Even if the son in the city does not leave an heir or if his heir leaves no heir, it is not considered a tragedy. The main family from which the branch split off will not only continue to look after the ancestors and the prosperity of the ie , but they will look after the tablets and graves of the abortive branch family. Most branch families would like to have an heir, but it is difficult to get a satisfactory heir if parents do not give birth to a male child. Some families with only daughters still adopt sons-in-law, but a family can find a more desirable husband for their daughter if they do not require him to become an adopted son-in-law. Most Mamachi branch families consider a good son-in-law more important than the continuation of their branch line. Similarly, Mamachi salary-man families with no children have no family enterprise to offer an attractive young man in return for becoming their adopted son, so many branch families, rather than accept a successor who might lower the quality of their branch line, prefer to be buried at the place of their ancestors with the knowledge that their graves will be cared for by the main family.

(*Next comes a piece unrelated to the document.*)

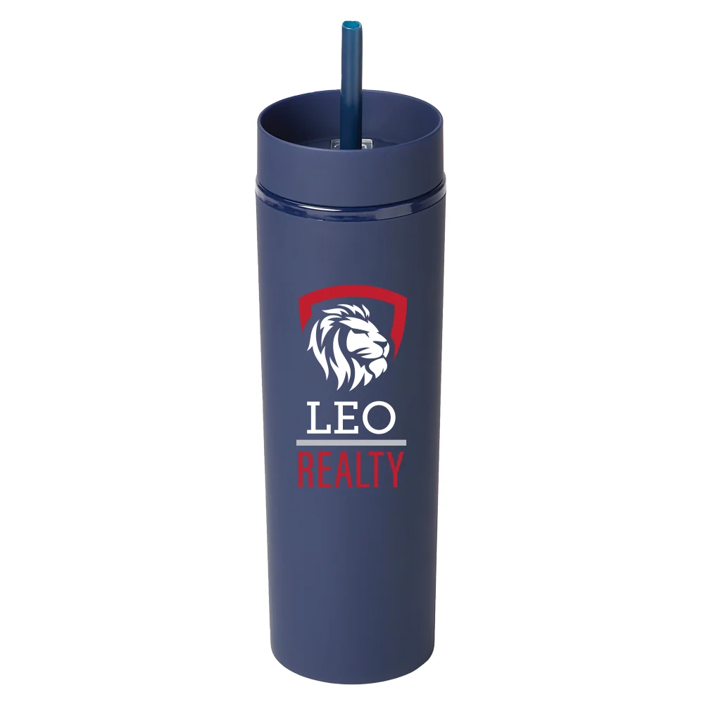 Personalized 16-oz. Tumbler: Sipping simplified: one lid, two ways to enjoy hot or cold beverages on the go; Double-walled acrylic body with easy-grip, satin, rubberized finish; Screw-on lid with two ways to sip: slide lid opening for hot drinks & straw port opening for cold drinks; Reusable soft straw included; Slips through straw port; Stopper on end prevents spills and keeps it in place; Eco friendly; Reusable; BPA free; Note: Hand wash recommended
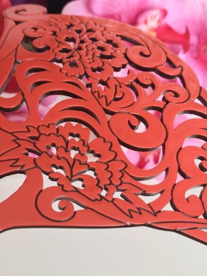 Red on the surface, the material inside sandwiches black plates for a three-dimensional feel.

In some businesses and crafts, an economic bond joins the branch family to the main family. If a drug business expands, for example, a second son might be given financial support in setting up a branch shop, and the heirs of the branch family would continue to operate a branch shop of the larger shop directed by the main family. In such situations, the economic bond between the main family and the branch family would bring them close together, extending far beyond the business ties. No such economic interest binds the rural family attached to the land and the salary man in the city, nor is there any economic bond between an employee of a large corporation and his son, who is likely to be working in a different corporation or government office. In times of great need, the main and branch families may help each other and, if amiable, they may visit each other occasionally, but typically the tie between the main family in the country and the branch family in the city is little more than a sentimental attachment.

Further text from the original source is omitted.